Monday, September 29, 2003

WHEN STRANGERS MARRY (1944--aka BETRAYED)

A Poverty Row B-noir that can hold its own up against most any 40's B-film from Warners or RKO. In the opening, Dick Elliott plays a drunken conventioneer in a papier-mache lion's mask who carelessly throws around a lot of money at a hotel bar in Philadelphia. We see a man (from behind) chat up the drunk. Next morning, Elliott is found dead (in the lion mask) by the maid. Meanwhile, Kim Hunter, a young newlywed from Ohio, has arrived in New York City to meet her husband (Dean Jagger), a salesman who was supposed to show up there from Philadelphia. They married in a hurry, after only three dates, and when he doesn't show up, she confides in an old boyfriend (Robert Mitchum) who is coincidentally staying in the same hotel she's in. Jagger eventually shows up but is acting strange, like he's hiding something. The plot takes a few twists from there, some predictable, some not, to a satisfying ending.

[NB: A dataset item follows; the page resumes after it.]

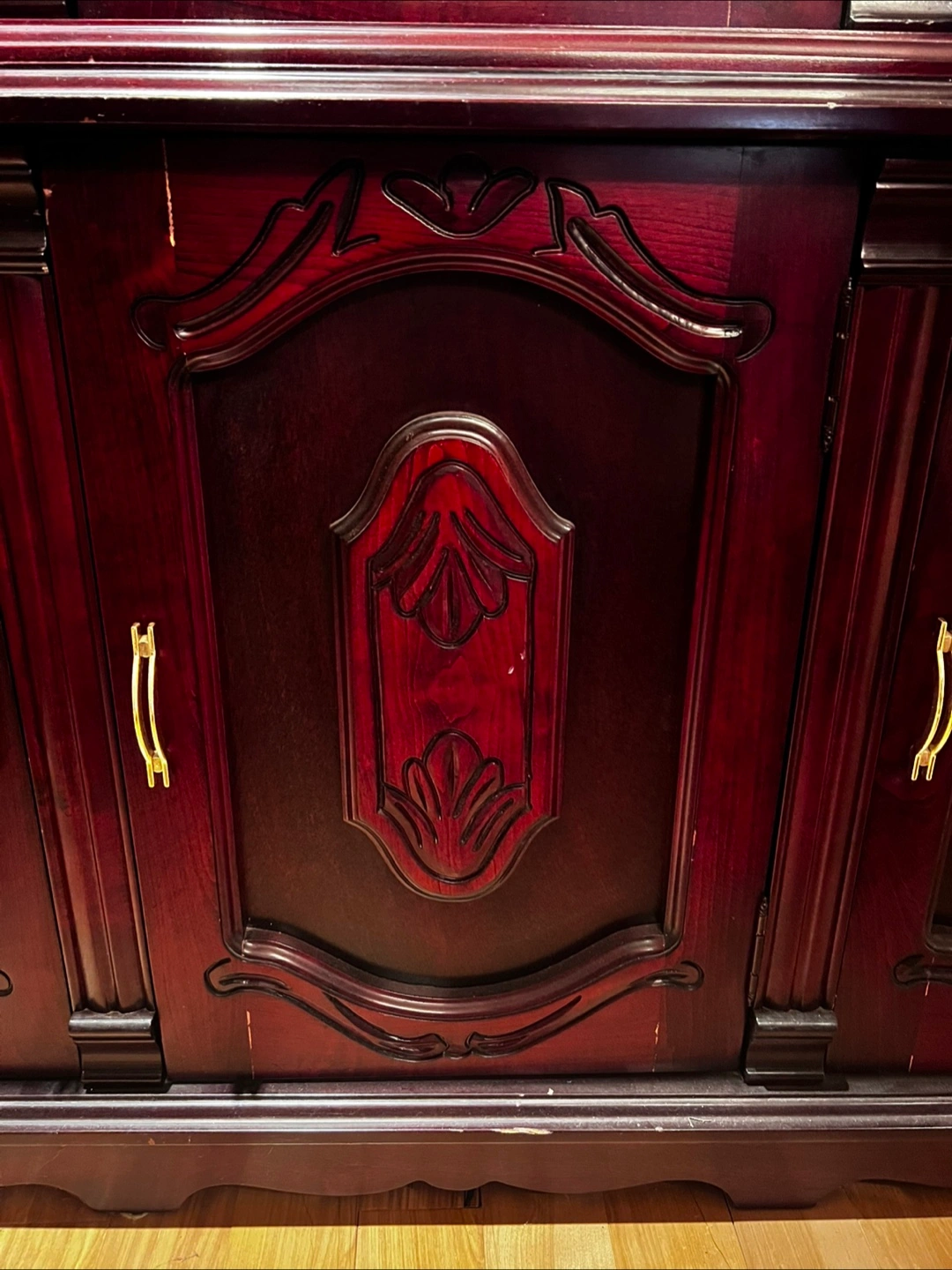 Large, dark-stained wooden china cabinet. Features glass-fronted display cabinets and lower storage. Intricate carvings and gold-toned hardware. Excellent for displaying collectibles or storing dishes. Buffet Cabinet unit - 76 wide x 20 depth x 82 height Solid wood cabinet with 3 cupboards and 3 glass doors Smoke free and pet free home. Smoke free and pet free home. Cash or etransfer payment. Pickup: Abelard ave near Steeles and McLaughlin in Brampton Moving sale: no offer refused

For such a cheap and quickly made film, it looks pretty good, making the best of limited sets and a small cast. The single best set is of a Harlem dance club populated with many extras and a joyous dancing couple who get the spotlight for a minute, in a scene that really doesn't have much to do with the plot, but does add some interesting atmosphere. Noir conventions like jazzy music, dark streets, and blinking neon signs are present. The climax involves a Hitchcockian scene of a crucial letter stuck in a mail drop. The actors (who all went on to bigger things) are good, though the characterizations, especially of the two men, leave much to be desired, a problem of writing, not acting. In a nifty in-joke scene, Hunter uses a photo of the movie's director, William Castle, as a decoy for the cops. Neil Hamilton (Commissioner Gordon on TV's "Batman") plays a cop; Elliott, the dead man, played the mayor of Mayberry on "The Andy Griffith Show." Not necessarily one to hunt down, but a pleasant surprise if you run across it on cable (as I did, on Encore Mystery).